I grew up near a rental yard. I remember as a youth (looking time ago) walking into the shop and the owner had cut the ways on a lathe to accommodate the cutting apart and welding some rims for some really wide tires on a jeep. This was way before such things were available to buy.
The results and safety are always dependent on the Craftsman doing the making.

andrea biffi (author)2017-12-10

That car is a dream!

Ralphxyz (author)2017-12-10

Wow simply WOW!! Great project thanks for posting.

akeene (author)2017-12-10

Fantastic job ! I remember that car also.

But I was more into the RAT FINK side than the cars.

But you are an artist. thank You

Mike Caruso (author)2017-12-10

Awesome job slow and steady wins the race. I saw that car too once wondered why it vanished so early on in it life. I'll have to buy the book great job.

LaDave (author)2017-12-10

that is one of my most favorite show cars as well. I would love to see more of your project.

crittell (author)2017-12-10

I love it. Great to see others build cars like before. Not store bought

PeterB411 (author)2017-12-10

Ambitious project, totally cool. I recall making our own wide wheels in the early off-road days (1960s) but most of them didn't run true <sigh>.


AMbros Custom (author)2017-12-09

i really love this idea.

altomic (author)2017-12-09

that is really cool. thanks for sharing.

blkadder (author)2017-12-08

A pretty amazing project you had there. I have been thinking about getting a custom set of wheels for my 65 MGB. Something like these.
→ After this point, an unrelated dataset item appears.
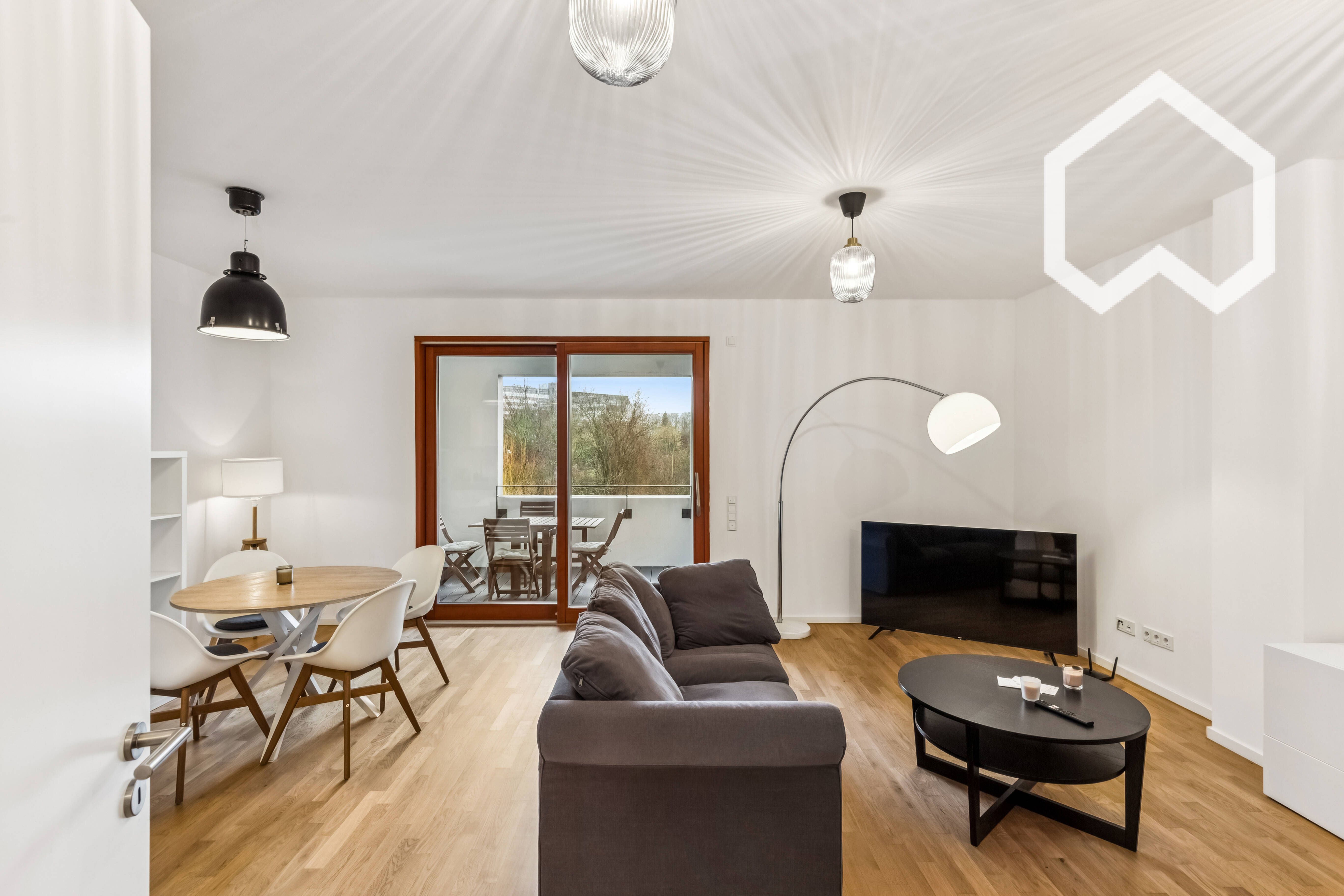 Bright 3 room fully furnished apartment with modern amenities and refreshing outside view of Frankfurt city
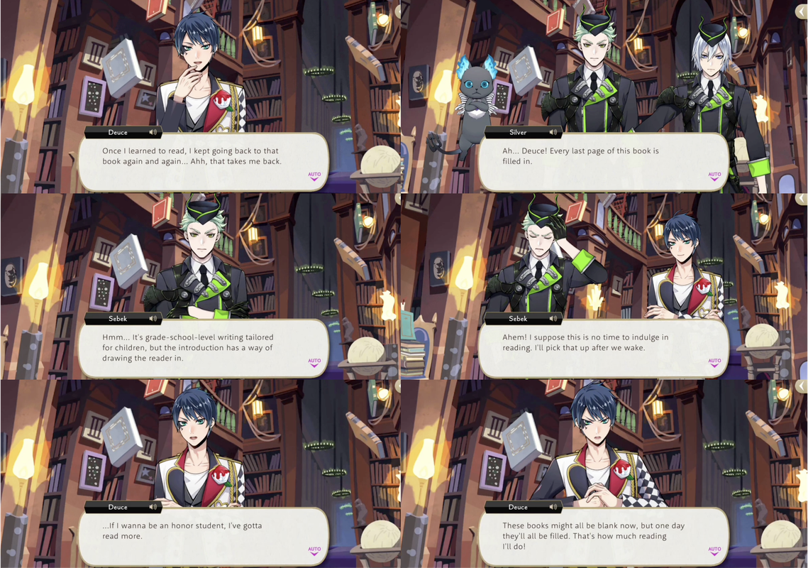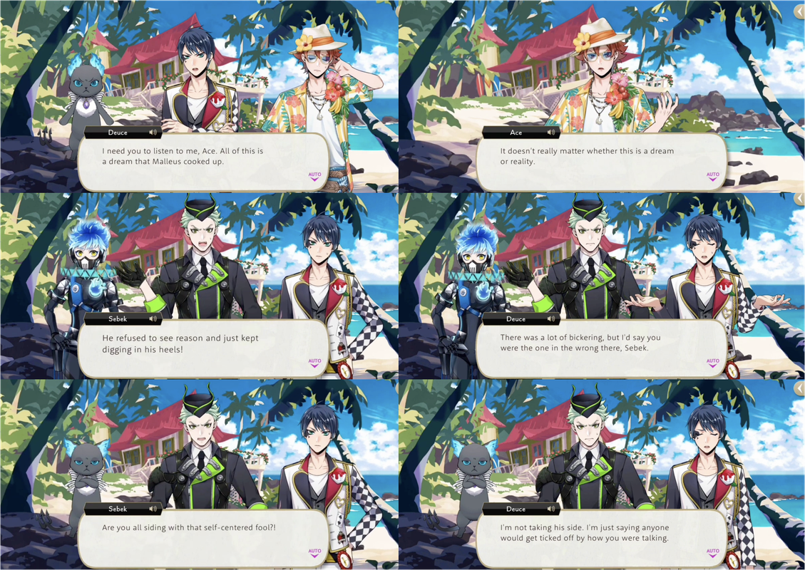 Later in Book 7 they fail to convince Ace that he is in a dream, and Deuce tells Sebek that he was in the wrong for how he went about it, saying, “I’m not taking (Ace’s) side. I’m just saying anyone would get ticked off by how you were talking.”

MillennialDIYer (author)2017-12-07

The title picture doesn't really illustrate the project well. You might consider selecting the actual project image. It would probably do better.

ClenseYourPallet (author)2017-12-07

This is crazy cool. Love it

gm280 (author)2017-12-07

Sounds like you had a very good plan. And it looks like it as well. Once you put you mind to do something, you are the only obstacle that can stop you. Bravo on a dream job come true.

ahunt18 (author)2017-12-06

Great custom fabrication,how did the balance turn out.

Willys36 (author)ahunt182017-12-06

Balance has to be good. Everything is uniform and concentric. I am not worried about that on this car though. If I ever do drive it, it will be @ idle speed around a show parking lot. There is NO room for feet so couldn't sit in it very long and it is really impractical to drive. Strictly a show car.